This is a case of a different character coding between the two
analyses. See below.
On May 8, 2008, at 4:39 PM, Ulf wrote:
>
> Andres,
>
>
> Here is the script that I have used for the heuristic searches:
>
> read(prealigned:("*.aln", tcm:(1,1)),"ssuatt.fas")
> set(seed:133717, log:"all_data_search.log", root:"Corethronhystrix")
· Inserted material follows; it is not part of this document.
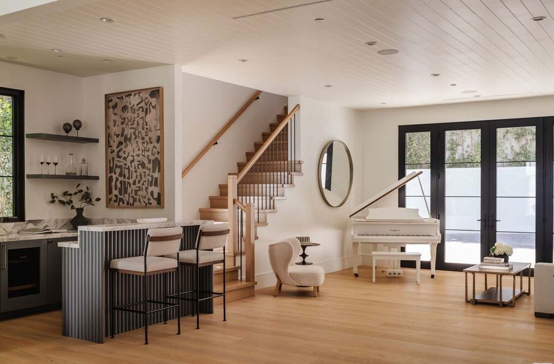 A sophisticated open-concept living space featuring a grand piano, modern wooden staircase with black metal railings, and curated furnishings in warm neutrals. The room is flooded with natural light from expansive black-framed doors and windows, balancing contemporary elegance with organic warmth through natural materials and refined minimalist styling.

> report(timer:"search start")
Here is the difference:
>
> transform (tcm:(1,1), gap_opening:1)
In POY 4 the gap_opening cost is in addition to the individual indel
cost. So effecitvely:
A-A
AAA
Has cost 2 in your transform selection, 1 from the individual indel of
the tcm, plus 1 from the gap_opening parameter. Just use transform
(tcm:(1,1)) and things will look better.
Anyway, if some of the differences in length are due to sampling
errors, you should probably break the sequences using a multiple
sequence alignment from something like MUSCLE. That way, you can leave
the portions that are really missing, as missing data. An example of a
broken dataset is the following:
>taxon1
AAA#CCC#GGG
>taxon2
AAA#CCCCC#
>taxon3
##GGGGGG
In this case, taxon1 has 3 fragments present, taxon two is missing the
last one, and taxon 3 is missing the first two.
best,
Andres